65) Over the Past Three Months, How Have Liquidity and Functioning in the Agency RMBS Market Changed?| Answer Type: Remained Basically Unchanged

SFQ65RBUNR • Economic Data from Federal Reserve Economic Data (FRED)

Latest Value

19.00

Year-over-Year Change

11.76%

Date Range

10/1/2011 - 4/1/2025

Summary

Tracks changes in liquidity and functioning of Agency Residential Mortgage-Backed Securities (RMBS) market. Provides critical insight into mortgage market stability.

Analysis & Context

This economic indicator provides valuable insights into current market conditions and economic trends. The data is updated regularly by the Federal Reserve and represents one of the most reliable sources for economic analysis.

Understanding this metric helps economists, policymakers, and investors make informed decisions about economic conditions and future trends. The interactive chart above allows you to explore historical patterns and identify key trends over time.

About This Dataset

Measures market conditions for agency mortgage-backed securities. Indicates overall health of residential mortgage lending ecosystem.

Methodology

Collected through periodic surveys of financial market participants.

Historical Context

Used by regulators and investors to assess mortgage market conditions.

Key Facts

  • Reflects mortgage market stability
  • Indicates securities market conditions
  • Important for housing finance assessment

FAQs

Q: What are Agency RMBS?

A: Residential Mortgage-Backed Securities guaranteed by government-sponsored enterprises like Fannie Mae and Freddie Mac.

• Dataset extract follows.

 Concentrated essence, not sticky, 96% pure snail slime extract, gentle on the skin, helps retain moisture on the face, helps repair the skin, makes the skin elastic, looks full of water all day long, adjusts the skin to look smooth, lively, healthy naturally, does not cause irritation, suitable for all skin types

Q: Why track market liquidity?

A: Liquidity indicates market health and ability to trade mortgage-backed securities efficiently.

Q: How does this impact homebuyers?

A: Market liquidity affects mortgage availability and interest rates for potential homeowners.

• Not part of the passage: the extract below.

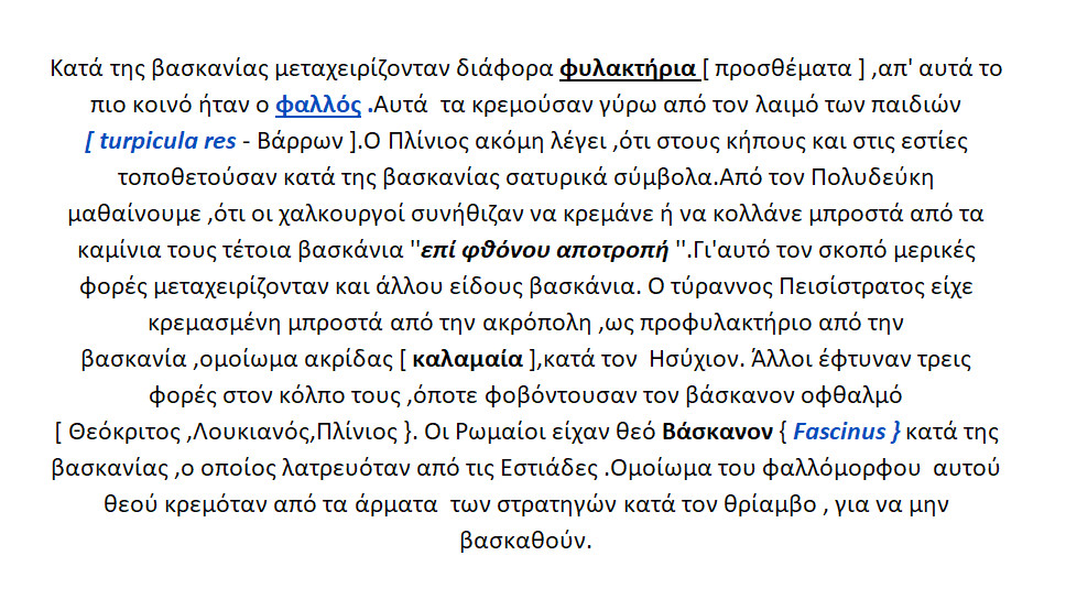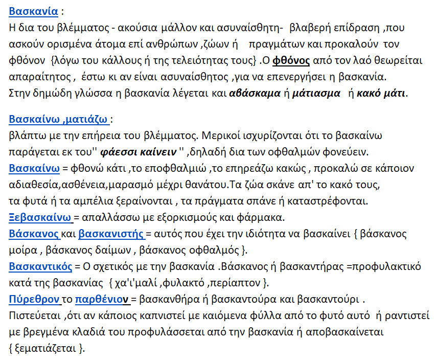 Bασκανία = Fascinato . Bασκάνιον = Fascinum .Bάσκανος = Fascinator ,Fascinatrix = βάσκανος οφθαλμός .

Q: What causes changes in RMBS market?

A: Interest rates, economic conditions, and government policy significantly impact RMBS market functioning.

Q: How frequently is this data updated?

A: Typically surveyed and reported on a quarterly basis by financial institutions.

Related Trends

51) Over the Past Three Months, How Has the Duration and Persistence of Mark and Collateral Disputes Relating to Contracts of Each of the Following Types Changed?| E. Credit Referencing Securitized Products Including MBS and ABS. | Answer Type: Increased Considerably

OTCDQ51EICNR

46) Over the Past Three Months, How Have Initial Margin Requirements Set by Your Institution with Respect to Otc Credit Derivatives Referencing Securitized Products (Such as Specific Abs or Mbs Tranches and Associated Indexes) Changed?| A. Initial Margin Requirements for Average Clients. | Answer Type: Decreased Somewhat

ALLQ46ADSNR

20) How Has the Intensity of Efforts by Mutual Funds, Etfs, Pension Plans, and Endowments to Negotiate More-Favorable Price and Nonprice Terms Changed over the Past Three Months?| Answer Type: Increased Considerably

ALLQ20ICNR

20) How Has the Intensity of Efforts by Mutual Funds, Etfs, Pension Plans, and Endowments to Negotiate More-Favorable Price and Nonprice Terms Changed over the Past Three Months?| Answer Type: Decreased Considerably

ALLQ20DCNR

66) Over the Past Three Months, How Have the Terms Under Which Non-Agency Rmbs Are Funded Changed?| A. Terms for Average Clients | 1. Maximum Amount of Funding. | Answer Type: Eased Considerably

ALLQ66A1ECNR

46) Over the Past Three Months, How Have Initial Margin Requirements Set by Your Institution with Respect to Otc Credit Derivatives Referencing Securitized Products (Such as Specific Abs or Mbs Tranches and Associated Indexes) Changed?| B. Initial Margin Requirements for Most Favored Clients, as a Consequence of Breadth, Duration, And/or Extent of Relationship. | Answer Type: Decreased Somewhat

ALLQ46BDSNR

Citation

U.S. Federal Reserve, Agency RMBS Market Liquidity (SFQ65RBUNR), retrieved from FRED.